Carnegie Mellon researchers develop method to help computer vision systems decipher outdoor scenes

PITTSBURGH — Computer vision systems can struggle to make sense of a single image, but a new method devised by computer scientists at Carnegie Mellon University enables computers to gain a deeper understanding of an image by reasoning about the physical constraints of the scene.

In much the same way that a child might use a set of toy building blocks to assemble something that looks like a building depicted on the cover of the toy set, the computer would analyze an outdoor scene by using virtual blocks to build a three-dimensional approximation of the image that makes sense based on volume and mass.

“When people look at a photo, they understand that the scene is geometrically constrained,” said Abhinav Gupta, a post-doctoral fellow in CMU’s Robotics Institute. “We know that buildings aren’t infinitely thin, that most towers do not lean, and that heavy objects require support. It might not be possible to know the three-dimensional size and shape of all the objects in the photo, but we can narrow the possibilities. In the same way, if a computer can replicate an image, block by block, it can better understand the scene.”

This novel approach to automated scene analysis could eventually be used to understand not only the objects in a scene, but the spaces in between them and what might lie behind areas obscured by objects in the foreground, said Alexei A. Efros, associate professor of robotics and computer science at CMU. That level of detail would be important, for instance, if a robot needed to plan a route where it might walk, he noted.

Gupta presented the research, which he conducted with Efros and Robotics Professor Martial Hebert, at the European Conference on Computer Vision, Sept. 5-11 in Crete, Greece.

Understanding outdoor scenes remains one of the great challenges of artificial intelligence. One approach has been to identify features of a scene, such as buildings, roads and cars, but this provides no understanding of the geometry of the scene, such as the location of walkable surfaces. Another approach, which Hebert and Efros pioneered with former student Derek Hoiem, now of the University of Illinois, Urbana-Champaign, has been to map the planar surfaces of an image to create a rough 3-D depiction of an image, similar to a pop-up book. But that approach can lead to depictions that are highly unlikely and sometimes physically impossible.

In the new method devised by Gupta, Efros and Hebert, the image is first broken into various segments corresponding to objects in the image. Once the ground and sky are identified, other segments are assigned potential geometric shapes. The shapes also are categorized as light or heavy, depending on appearance; a surface that appears to be a brick wall, for instance, would be classified as heavy.

The computer then attempts to reconstruct the image using the virtual blocks. If a heavy block appears unsupported, the computer must substitute an appropriately shaped block, or make assumptions that the original block was obscured in the original image.

Gupta said because this qualitative volumetric approach to scene understanding is so new, no established datasets or evaluation methodologies exist for it. He said in estimating the layout of surfaces, other than sky and ground, the method is better than 70 percent accurate, and its performance is almost as good when comparing its segmentation to ground truth. Overall, Gupta assesses the analysis as very good for 30 to 40 percent of the images and adequate for another 20 to 30 percent.

This work was supported by the National Science Foundation and a Guggenheim Fellowship to Efros. The Robotics Institute is part of Carnegie Mellon’s School of Computer Science. Follow the school on Twitter @SCSatCMU.
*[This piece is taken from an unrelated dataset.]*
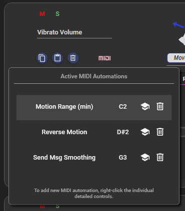 To assist in keeping track of what controls have and do not have automation associated with them, there is a small "MIDI" indicator in the lower left area of the rule header that will light up with pink when automation is configured. Clicking on this indicator will bring up a list of configured automations through which you may update or remove individual settings:

About Carnegie Mellon University: Carnegie Mellon ( is a private, internationally ranked research university with programs in areas ranging from science, technology and business, to public policy, the humanities and the arts. More than 11,000 students in the university’s seven schools and colleges benefit from a small student-to-faculty ratio and an education characterized by its focus on creating and implementing solutions for real problems, interdisciplinary collaboration and innovation. A global university, Carnegie Mellon’s main campus in the United States is in Pittsburgh, Pa. It has campuses in California’s Silicon Valley and Qatar, and programs in Asia, Australia, Europe and Mexico. The university is in the midst of a $1 billion fundraising campaign, titled “Inspire Innovation: The Campaign for Carnegie Mellon University,” which aims to build its endowment, support faculty, students and innovative research, and enhance the physical campus with equipment and facility improvements.


  1. Hi,
    extensively post about Computer Vision.
    Doing my research I find one amazing free to download book about Computer Vision.
    Hope you will be interested because it is really amazing,trust me. :)
    This book presents research trends on computer vision, especially on application of robotics, and on advanced approaches for computer vision (such as omnidirectional vision).
    The contents of this book allow the reader to know more technical aspects and applications of computer vision.
    The intended audience is anyone who wishes to become familiar with the latest research work on computer vision, especially its applications on robots.
    This book features representative work on the computer vision, and it puts more focus on robotics vision and omnidirectional vision.
    This is the link where you can find it:


Please enter your comment!
Please enter your name here

This site uses Akismet to reduce spam. Learn how your comment data is processed.